The process of discovering when to terminate research seems to be different for biologics than for chemical entities. Biologics
are less likely than chemical compounds to be eliminated in Phase I and II testing, but they are more likely to be discontinued
at Phase III.5 A CRO with experience navigating these clinical waters is key to developing a successful product submission.
The CRO should have experience in implementing demanding fast-track and accelerated approval programs.
FDA is predisposed to accelerating the approval for drugs that fulfill unmet medical needs such as cancer and viral diseases.

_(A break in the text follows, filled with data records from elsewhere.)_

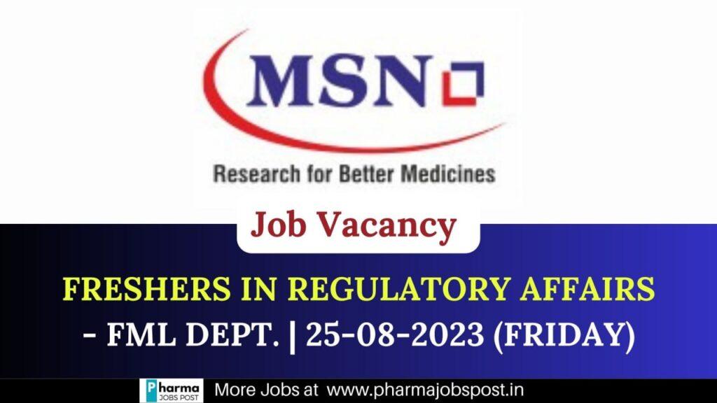 MSN Hiring for freshers in Regulatory Affairs – FML Dept. | 25-08-2023 (Friday)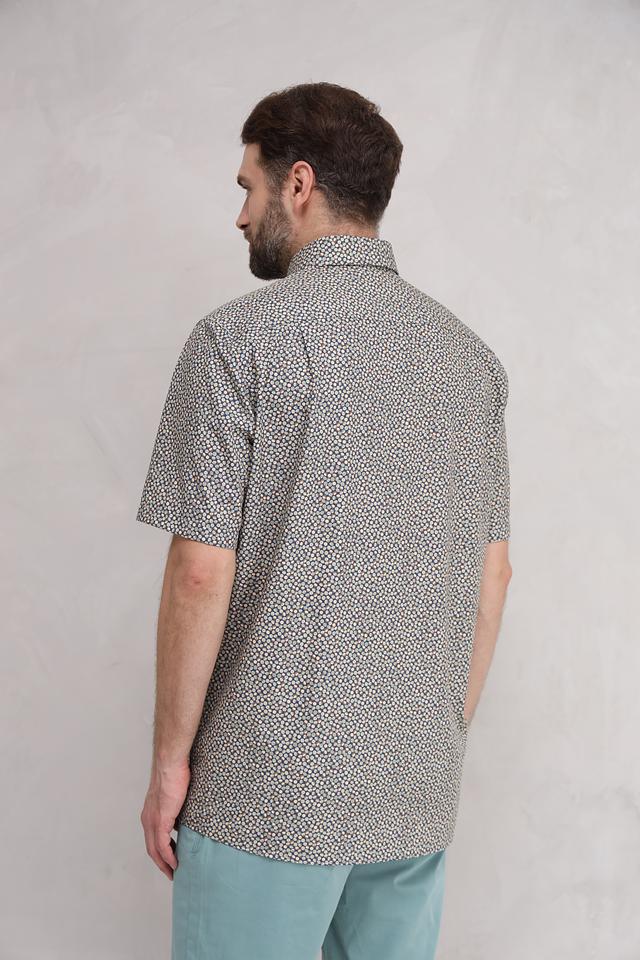 Мужская рубашка Casa Moda светло-серого цвета с коротким рукавом и оригинальным цветочным принтом. Изготовлена из 100% хлопка, обеспечивающего комфорт и воздухопроницаемость. Состав: хлопок 100%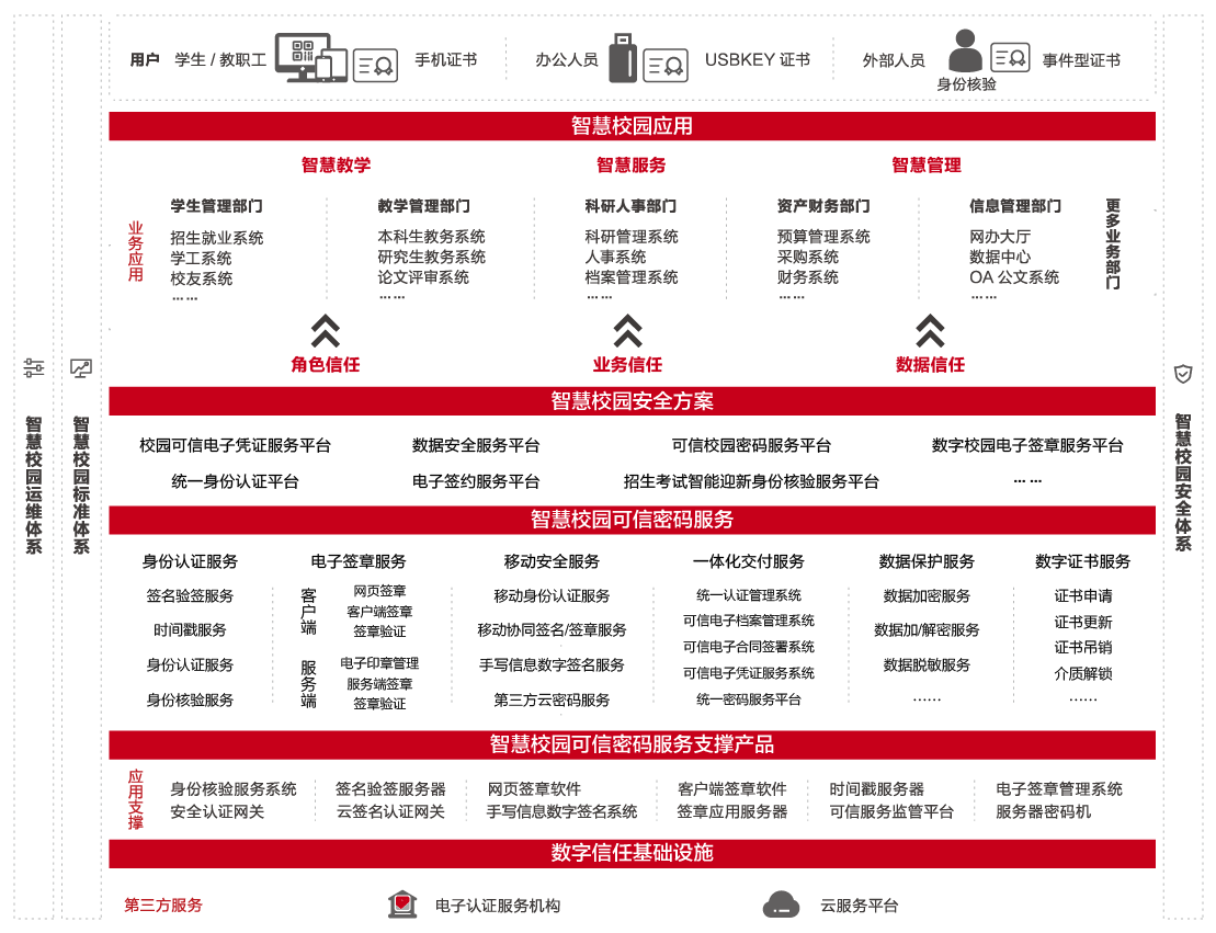 在智慧校园的总体框架中,建设虚实融合的混合式智慧教学方式、多用户多场景的智慧校园服务、内外一体联动的智慧管理的新一代校园应用创新体系,和以教育大数据驱动教育治理的新一代校园数字能力底座被列为核心任务。安全、牢固的数字基建设施将是构建智慧校园的关键。因此,建立以密码技术为底座的信息安全体系,成为智慧校园建设的重要任务。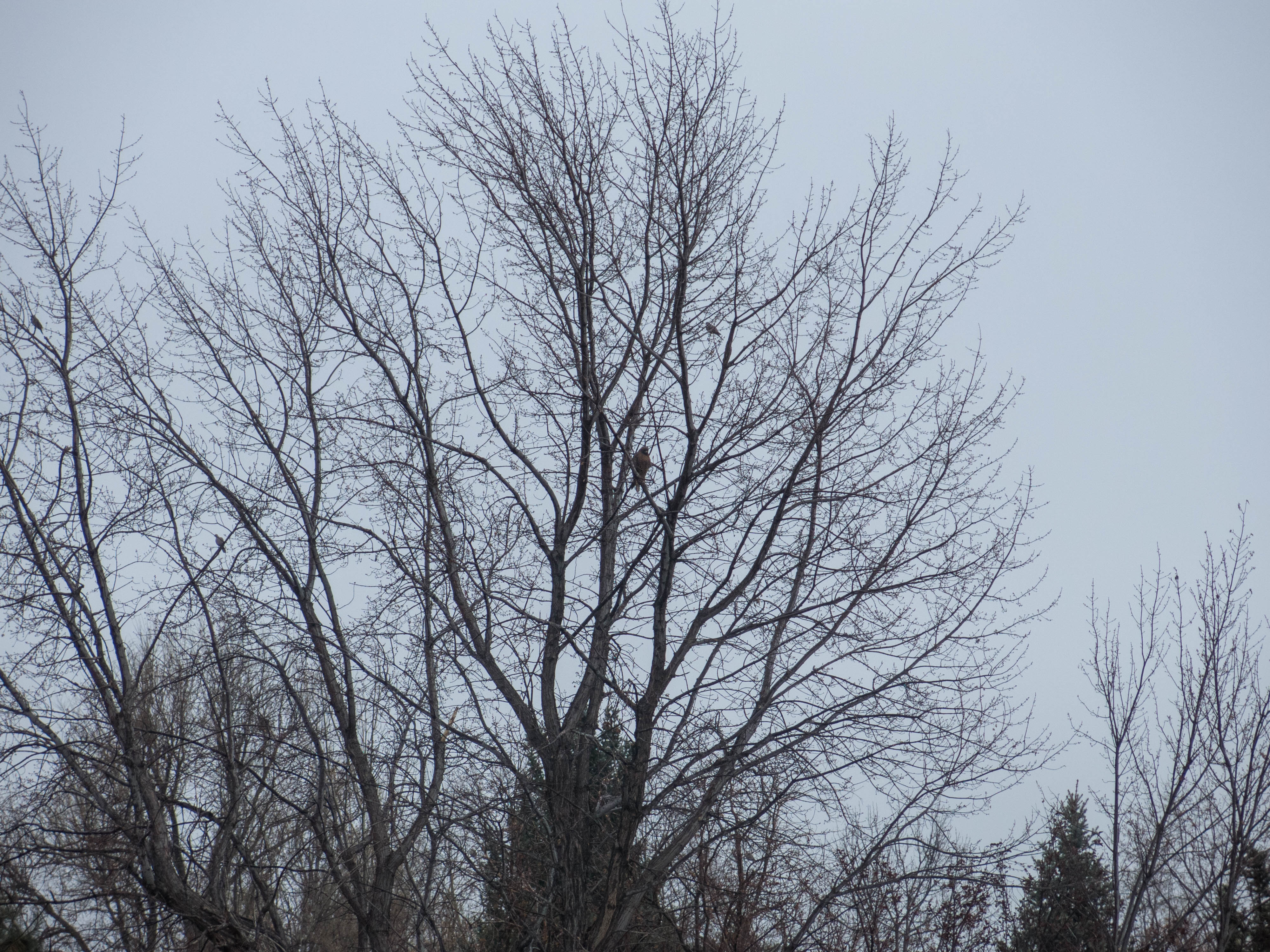 I’ve seen big hawks in the trees every single day. Sometimes more than one hawk. They sort of screech at each other. I guess they’re red-tailed hawks.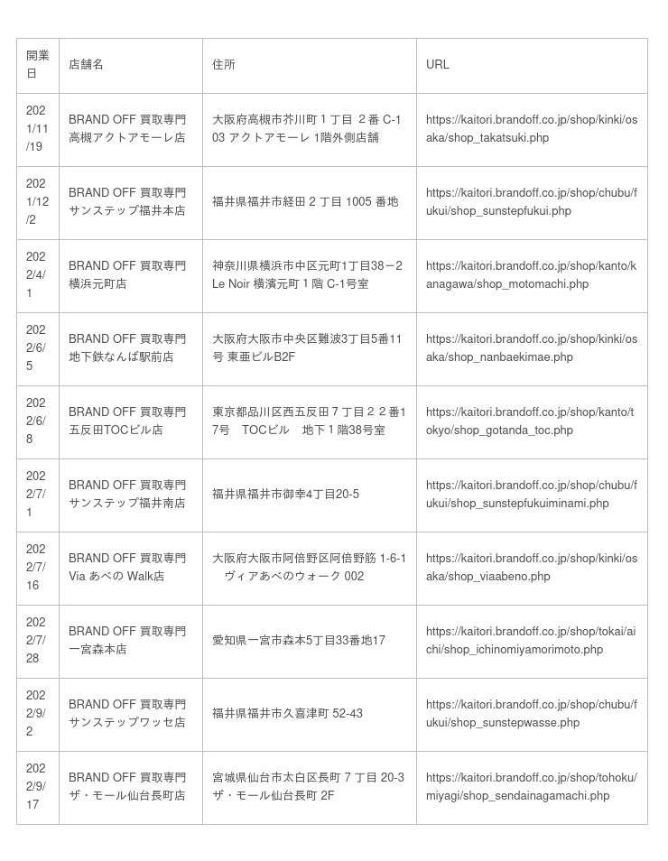 株式会社K-ブランドオフは、昨年3月からスタートしているFC事業において、FC10店舗目となる「BRAND OFF 買取専門 ザ・モール仙台長町店(宮城県 仙台市)」にオープンする。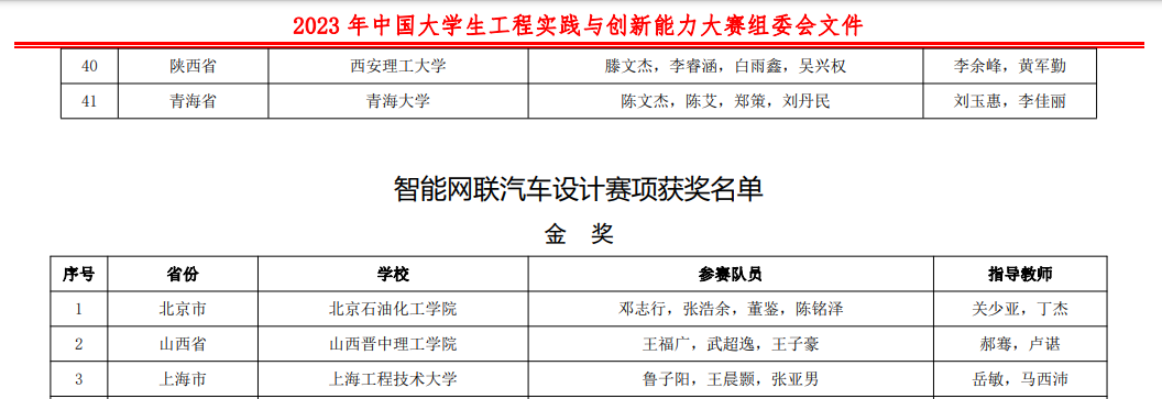 2023年12月9-10日,2023年中国大学生工程实践与创新能力大赛智能网联汽车赛项总决赛在深圳技术大学举行。我校大学生汽车科创基地智能车车队在智能网联汽车赛项总决赛中荣获全国总决赛金奖一项,是我校首次在该赛项的全国总决赛中斩获金奖。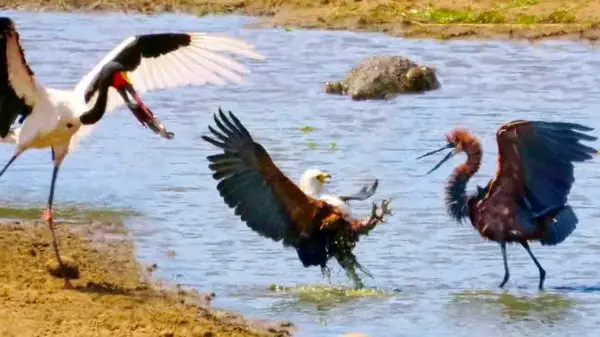 در رویدادی باورنکردنی ۳ پرنده گرسنه و یک تمساح بر سر یک ماهی بزرگ درگیر شدند. این اتفاق در پارک ملی کروگر آفریقای جنوبی رخ داده است.

Biotech companies developing products that fall into these two therapeutic categories, including oncology, infectious diseases,
autoimmune, HIV/AIDS, and central nervous system (neurodegenerative diseases), should consider partnering with CROs who can
maneuver the complex trial implementation and conduct that accelerated approval processes present. With more biotech products
entering late-stage trials, Ernst and Young analysts have said, "Biotech companies no longer are the minor-league managers
of drug development, passing off potential star products to big pharma for a license fee and single-digit royalties, then
returning to the laboratory to make more discoveries."6 They are now collaborating in co-development deals with big pharma companies where they often take the lead in development
while the pharma company provides the sales and marketing efforts to ensure an equitable share of the profits. With biotech
companies taking the lead in terms of development, a key issue they face is outsourcing to the appropriate CRO if they do
not have the resources to carry out the clinical trial programs internally.
The CRO should facilitate a smooth integration of specialty vendors and service providers into the development team.